LegalTech just concluded in New York and one of the popular hot buttons many vendors were talking about was the idea that too much corporate, especially valueless, ungoverned, unstructured information is both risky as well as costly to organizations… I agree. The answer to this “infobesity” (the unrestricted saving of ESI because storage is supposedly cheap and saving everything is easier than checking with others to see if its ok to delete) is a defensible process to systematically dispose of information that’s not subject to regulatory requirements, litigation hold requirements or because it still has business value. In a 2012 CGOC (Compliance, Governance and Oversight Counsel) Summit survey, it was found that on the average 1% of an organization’s data is subject to legal hold, 5% falls under regulatory retention requirements and 25% has business value. This means that 69% of an organization’s ESI can be disposed of.
Several vendors at LegalTech were highlighting Defensible Disposal solutions, also known as defensible disposition and defensible deletion, as the answer to the problem of infobesity. Defensible Disposal is defined by many as a process (manual, automated or both) of identifying and permanently disposing of unneeded or valueless data in a way that will standup in court as reasonable and consistent.

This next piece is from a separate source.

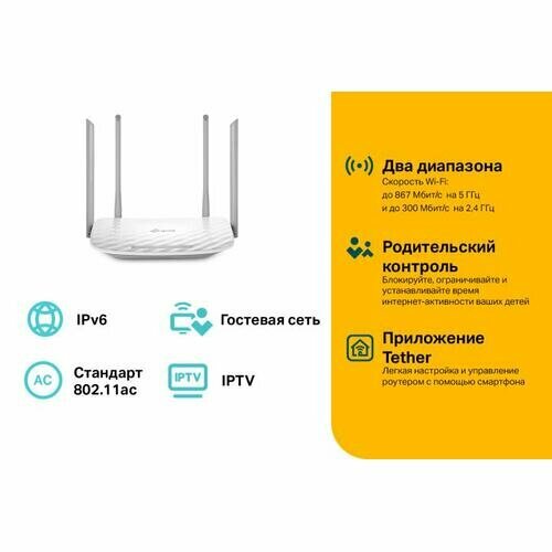 Маршрутизатор TP-LINK Wireless Router (4UTP 100Mbps, 1WAN, 802.11b/g/n/ac, 867Mbps)

The key to this process is to be able to identify valueless information (not subject to regulatory retention or legal hold) with enough certainty to be able to actually follow through and delete the data. This may sound easy… its not. Many organizations are sitting on huge amounts of data because their legal department doesn’t want to be accused of spoliation, so has standing orders to “keep everything forever”. Corporate legal has to be convinced that the defensible disposal processes and solutions billed as being the answer to infogluttony can actually tell the difference, accurately and consistently, between information that should be kept and that information that’s truly valueless.

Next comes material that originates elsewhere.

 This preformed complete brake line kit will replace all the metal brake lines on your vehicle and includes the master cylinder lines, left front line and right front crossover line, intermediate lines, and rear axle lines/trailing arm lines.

To automate this defensible disposal process, the solution needs to be able to be able to understand and differentiate content conceptually; that an apple is a fruit as well as a huge high tech company. The automated classification/categorization of content cannot accurately or consistently differentiate the meaning in unstructured content by just relying on keywords or simple rules.

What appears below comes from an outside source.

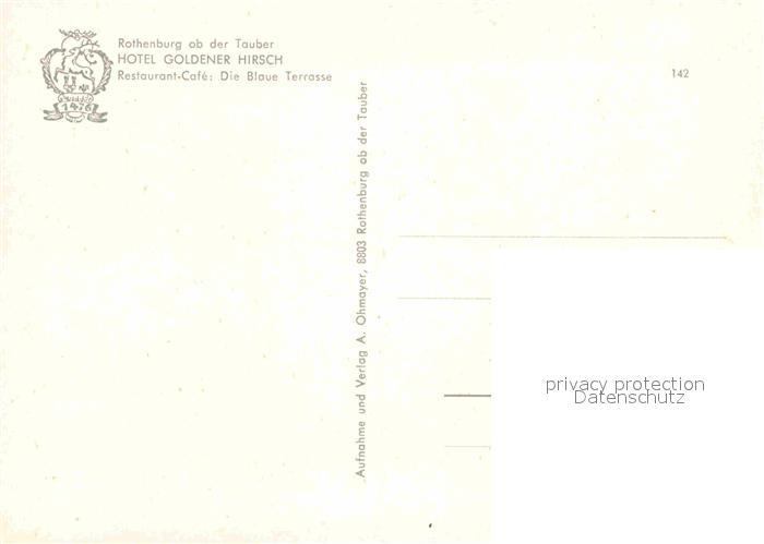 72832439 Rothenburg Tauber Hotel Goldener Hirsch postalisch nicht gelaufen Erhaltung siehe scans [NatalD47] KatCode: 11110009571193

An even less consistent approach to categorization is to base it on simple rules such as “delete everything from/to Bill immediately” or “keep everything to/from any accounting employee for 3 years”. This kind of rules based retention/disposition process will quickly have your GC explaining to a Judge why data that should have been retained was “inadvertently” deleted.
To truly automate disposal of valueless information in a consistently defensible manner, categorization applications must have the ability to first, conceptually understand the meaning in unstructured content so that only content meeting your intended intentions, regardless of language, is classified as “of value” to the organization not because it shares a keyword with other records but because it truly meets your definition of content that needs to be kept. Second, because unstructured data by definition is “free-flowing” (not structured into specific rows and columns) extremely high categorization accuracy rates and defensibly can only be achieved with defensible disposal solutions which incorporate an iterative training processes including “train by example” in a human supervised workflow.